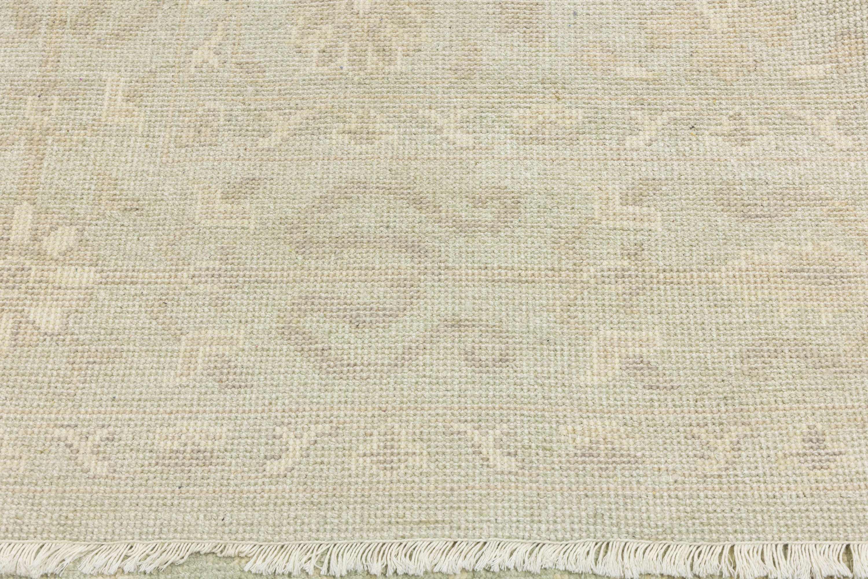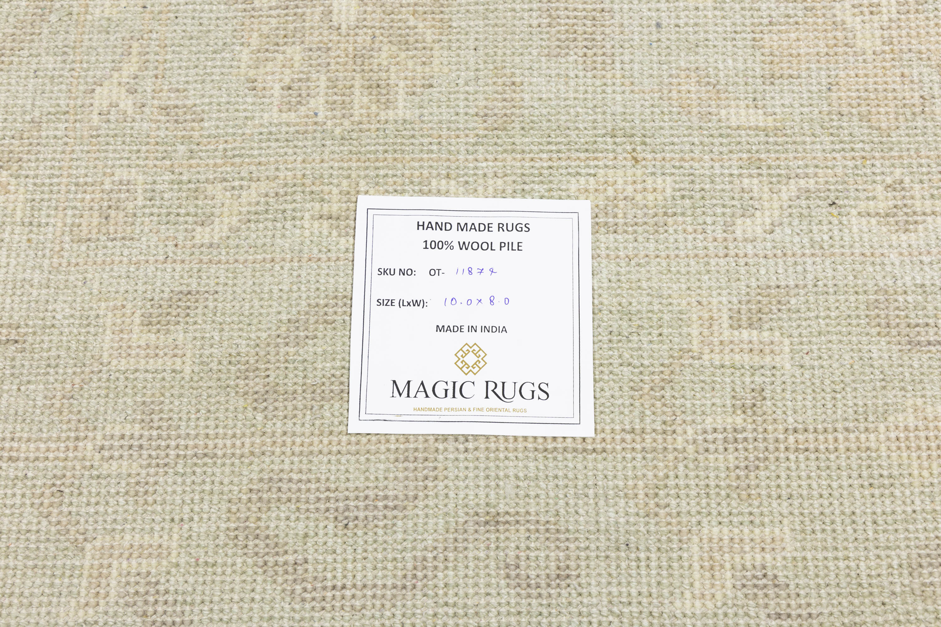 This genuine 8X10 Aqua green new Oriental rug was made by the hands of gifted weavers inspired by a variety of spectacular artistic designs, to recreate the aged look of the original piece with a richness of color and ornately patterned background field. What set this vintage style Oriental area rug from the others are the material and dye used (wool pile and cotton foundation), knot count, ancient designs, fantastic grades, and its regional historical connection: it has deep roots, from the story of the people who produced it to the meaning of the symbols and colors displayed across its canvas that have been praised for centuries. This Indian home décor carpet will be completely cozy and inviting that never will go out of style! Also, this Oriental rug would be among your most valuable treasures, it is a great investment that accrues value over time, and it will last for generations because was woven with high-quality, all-natural wool. Environmentally friendly, opulent yet affordable; this rug will give you a thorough amount of character to help define your living space with elegance and warmth that will capture the eyes and attention of your audience (homeowners, designers, decorators, family and friends). OT-11874
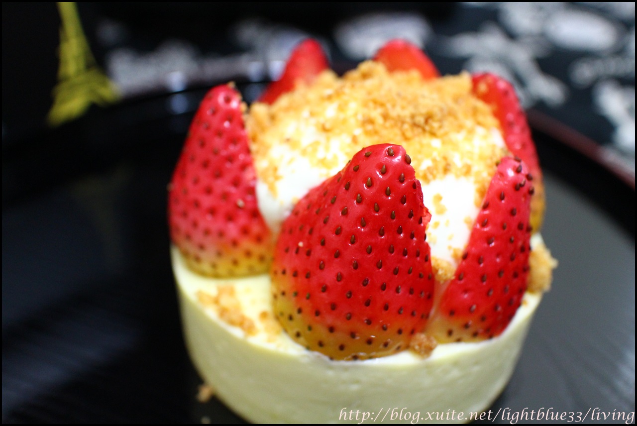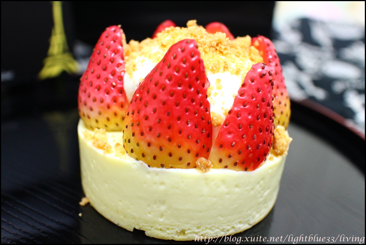 看到草莓的顏色就讓我心裡感覺不妙,果然,吃起來沒有台灣草莓的酸甜滋味,這麼大顆但是卻很澀,應該是使用進口的草莓,甚至還影響到底下蛋糕一起入口的感受,非常可惜
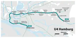 The U4 is a line of the Hamburg U-Bahn, which opened in 2012, serving 12 stations. It is the shortest line of the network, with a length of 11.9 kilometres (7.39 mi) and from Jungfernstieg to Billstedt it shares tracks with the U2.[1][2][3] Its identifying colour, as seen on route maps, trains, and station signs is turquoise.[4][5]
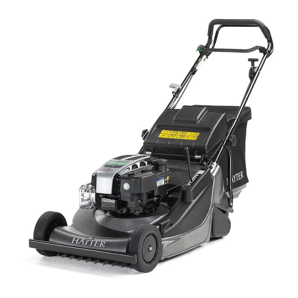 A professional Hayter lawnmower, with a 19-inch cutting width, Honda GCV160 engine and crank safe BBC system.

········

#### What needs to be done
Print the material above once more, exactly, minus the pictures.

#### Expected answer
 This genuine 8X10 Aqua green new Oriental rug was made by the hands of gifted weavers inspired by a variety of spectacular artistic designs, to recreate the aged look of the original piece with a richness of color and ornately patterned background field. What set this vintage style Oriental area rug from the others are the material and dye used (wool pile and cotton foundation), knot count, ancient designs, fantastic grades, and its regional historical connection: it has deep roots, from the story of the people who produced it to the meaning of the symbols and colors displayed across its canvas that have been praised for centuries. This Indian home décor carpet will be completely cozy and inviting that never will go out of style! Also, this Oriental rug would be among your most valuable treasures, it is a great investment that accrues value over time, and it will last for generations because was woven with high-quality, all-natural wool. Environmentally friendly, opulent yet affordable; this rug will give you a thorough amount of character to help define your living space with elegance and warmth that will capture the eyes and attention of your audience (homeowners, designers, decorators, family and friends). OT-11874
 看到草莓的顏色就讓我心裡感覺不妙,果然,吃起來沒有台灣草莓的酸甜滋味,這麼大顆但是卻很澀,應該是使用進口的草莓,甚至還影響到底下蛋糕一起入口的感受,非常可惜
 The U4 is a line of the Hamburg U-Bahn, which opened in 2012, serving 12 stations. It is the shortest line of the network, with a length of 11.9 kilometres (7.39 mi) and from Jungfernstieg to Billstedt it shares tracks with the U2.[1][2][3] Its identifying colour, as seen on route maps, trains, and station signs is turquoise.[4][5]
 A professional Hayter lawnmower, with a 19-inch cutting width, Honda GCV160 engine and crank safe BBC system.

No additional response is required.